(Data entries)
········

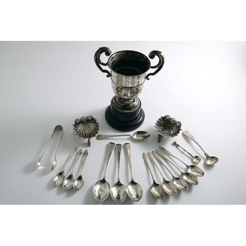 A small Irish trophy cup, inscribed, by West & Sons, Dublin 1943 (wooden plinth), a pair of small Victorian shell salts, fourteen various small spoons & a pair of sugar tongs; the cup 5.25" (13.3 cms) high; 12.4 oz (18)
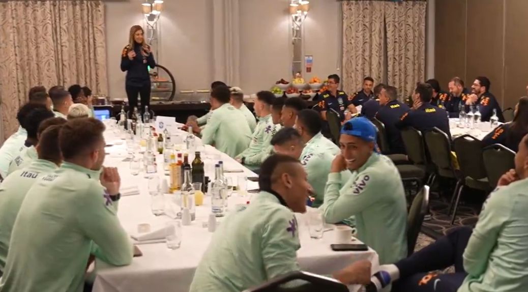 A presidente do Palmeiras, Leila Pereira, foi na semana passada chefe de delegação da seleção brasileira nos dois últimos jogos na Europa, contra Inglaterra e Espanha, e como foi a sua estreia, teve de passar pela tradicional praxe, como acontece com os jogadores.
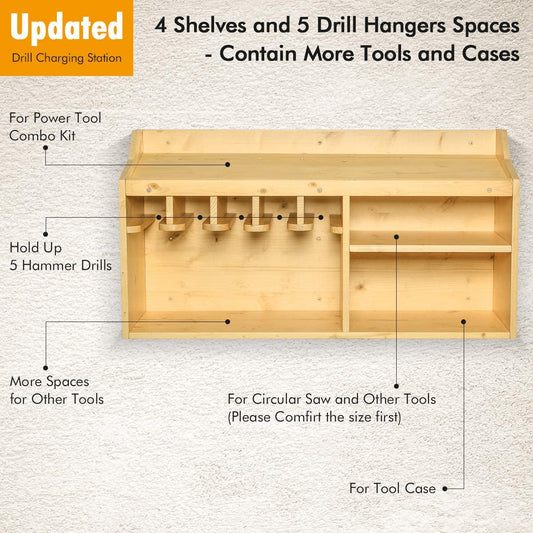 Power Tools Storage Organizers and Cabinets, Drill Charging Station, 5 Drill Hanging Slots, Wall Mount Impact Drivers Storage Dock with Widened Room for Circular Saw, Impact Wrench, Screwdriver Drill
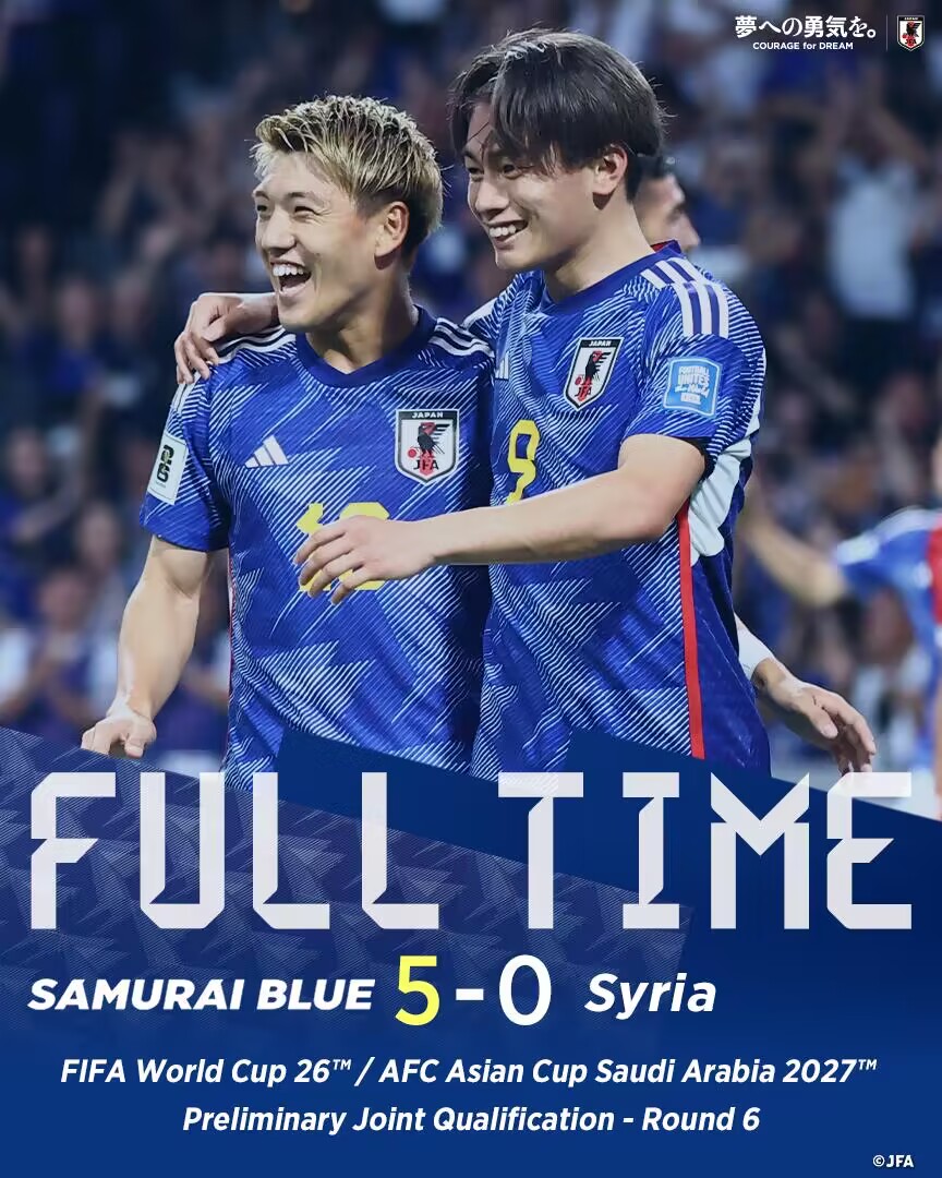 6月11日讯 北京时间6月11日18点14分,世预赛亚洲区第二阶段B组第六轮小组赛,日本对阵叙利亚。上半场,上田绮世头球破门,久保健英助攻堂安律扩大比分后又造成塔尔乌龙。下半场,相马勇纪造点后亲自主罚命中,南野拓实再进一球。全场比赛结束,日本5-0叙利亚。
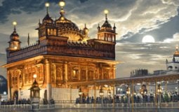Bhagat Singh's spiritual painting depicts the radiant Golden Temple in Amritsar, Punjab, under the bright full moon and cool night sky. Amongst the hustle and bustle of the impatient crowd, there is one sikh who sits apart, in eternal patience.
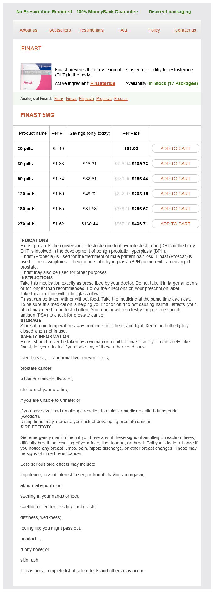 Finast packs: 30 pills, 60 pills, 90 pills, 120 pills, 180 pills, 270 pills
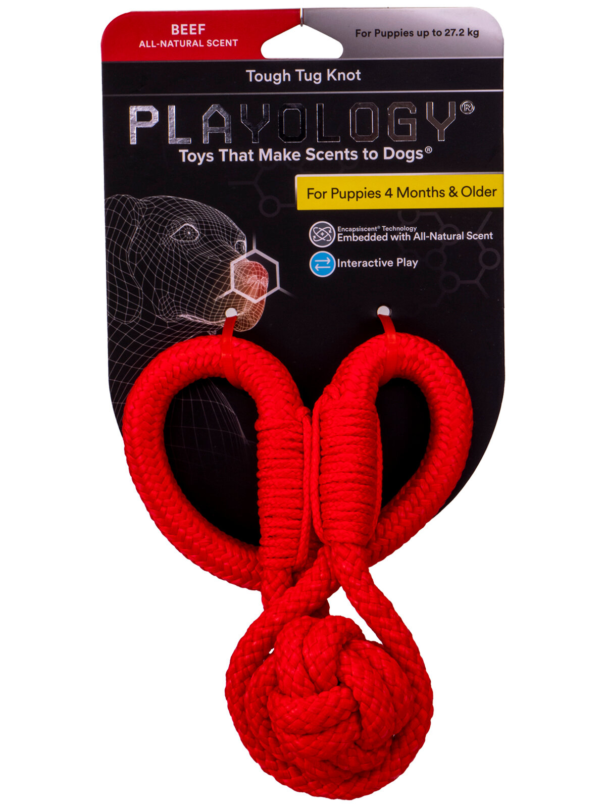 Playology Игрушка для щенковPlayology жевательный канат TOUGH TUG KNOT для щенков 4-8 месяцев с ароматом говядины, цвет красныйPlayology ® разрабатывает ароматизированные игрушки, изготовленные из безопасных для собак материалов, которые занимают собаку в 7 раз дольше, чем игрушка без запаха. В основу каждой игрушки заложена технология «вживленного аромата» (ENCAPSISCENT®), ароматизированные частицы по запатентованной формуле буквально внедрены на микроскопическом уровне в прочный материал игрушек, будь то резина или текстиль, что делает их абсолютно уникальными и долго сохраняющими аромат. Канат Tough Tug Knot изготовлен по технологии формованного волокна, предотвращающей разрыв веревки на длинные куски, которые могут быть опасны для вашего питомца при проглатывании. Конструкция каната с узелками идеально подходит для щенков и помогает в развитии. Подходит для щенков 4-8 месяцев (весом до 27,2 кг) в период прорезывания зубов для интерактивных игр. Обратите внимание: нет неразрушимых игрушек, любую игрушку следует регулярно осматривать и забирать, если игрушка повреждена, чтобы исключить травмирование питомца. Убедитесь, что выбранная вами игрушка подходит по размеру и темпераменту вашей собаки. Не подлежит обязательной сертификации.СоставТкань/Полиэстер
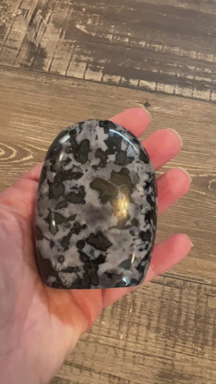 Mystic Merlinite (Indigo Gabbro) is known as a stone of transformation and manifestation. Mystic Merlinite brings balance and harmony to you. It helps to counteract the effects of an excess in either Yin or Yang energy; and is excellent for blending spiritual with earthly energies and can be used to ground temperaments or to bring a sense of safety and security to anyone who is anxious or fearful. It is a powerful energy cleanser and can bring to the fore any past traumas or shocks that may be impacting your present situation. It then gently disperses any blocked or stagnant energy from the auric field and provides support as you do the psychological work needed to free yourself from the effects of past experiences, instances of abuse, or negative patterns and behaviors.
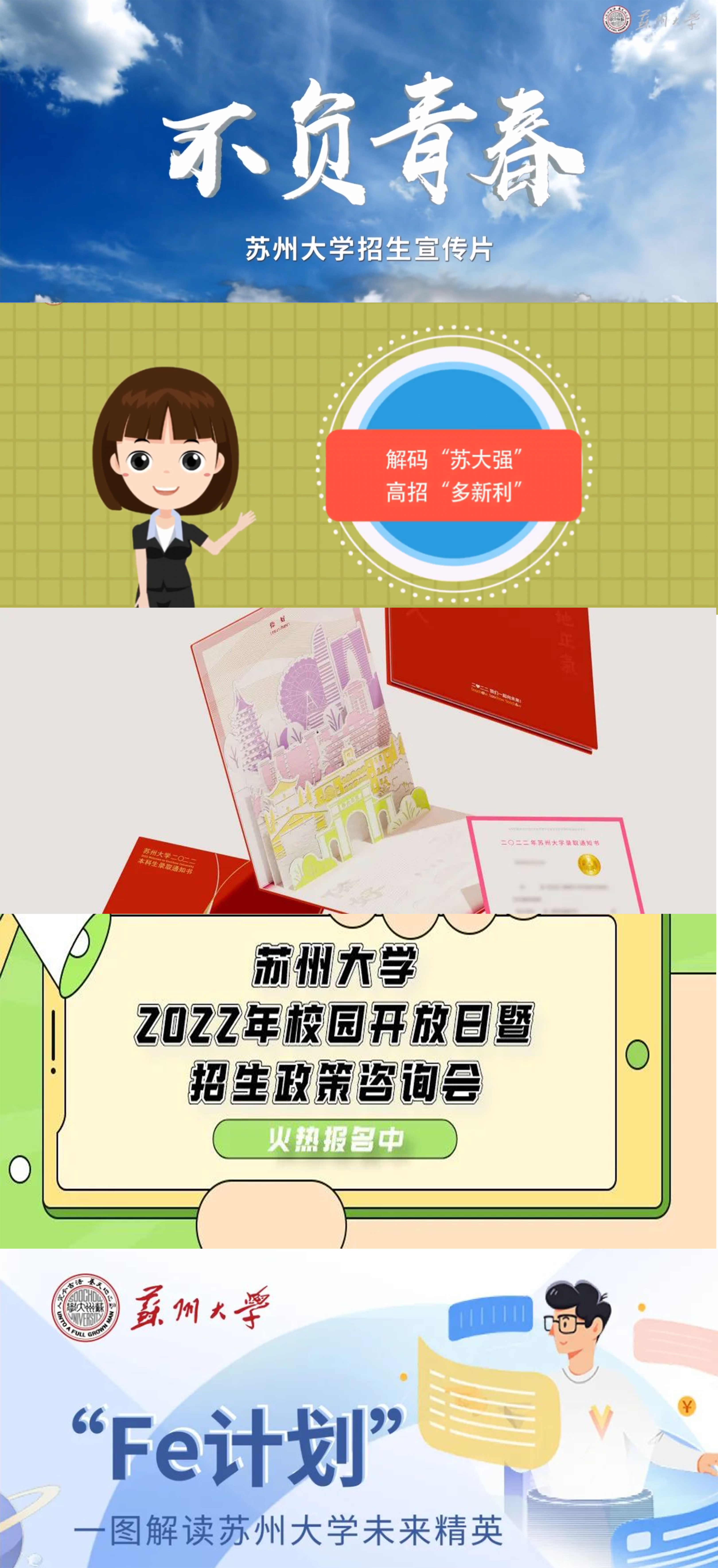 2022年本科招生宣传片《不负青春》倾情上线,胸怀赤子之心,踏上追梦之旅,共同来倾听苏大青年的成长故事。从图书馆到实验室,求索前人与尝试未来交相辉映;从教学楼到实习点,理论深耕与实践探索相辅相成。苏大青年们在这里雕刻青春、撰写未来。不负时代重托,不负青春韶华,苏大人正以昂扬的姿态,开放的胸襟和全球的视野,共同书写新的青春华章。同期《苏大,实不相瞒,我看上你了》《解码“苏大强”,高招“多新利”》动画片发布,“我有扛打的颜值”“我有绝对的实力”诙谐风趣,娓娓道来。苏州大学2022年本科录取通知书《交织东吴梦,共绘新篇章》以城市记忆、校园纽带、未来想象为主题,通过“苏大&我,苏大@我”拉近与“你”的距离,用“∞”突出主题,寓意着“小22”们与苏大共同成长,一起织就未来的“∞”(无限)可能性!通知书一经推出便冲上微博热搜,掀起招宣热浪。
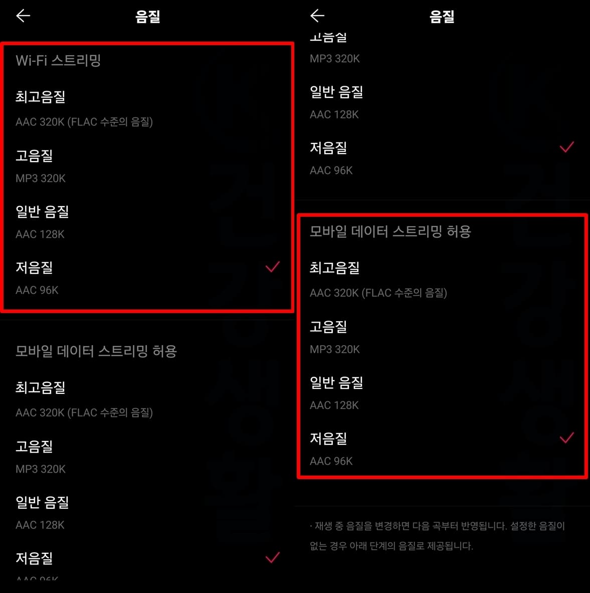 6. Wi-Fi 스트리밍 음질과 모바일 데이터 스트리밍 음질을 설정할 수 있습니다.

········

# ASSIGNMENT:
From the records above, write out exactly the lines that begin at the line with "Bhagat Singh's spiritual" and end at the line with "Finast packs: 30". Pictures must not appear in the output.

# WRITTEN RESPONSE:
Bhagat Singh's spiritual painting depicts the radiant Golden Temple in Amritsar, Punjab, under the bright full moon and cool night sky. Amongst the hustle and bustle of the impatient crowd, there is one sikh who sits apart, in eternal patience.
 Finast packs: 30 pills, 60 pills, 90 pills, 120 pills, 180 pills, 270 pills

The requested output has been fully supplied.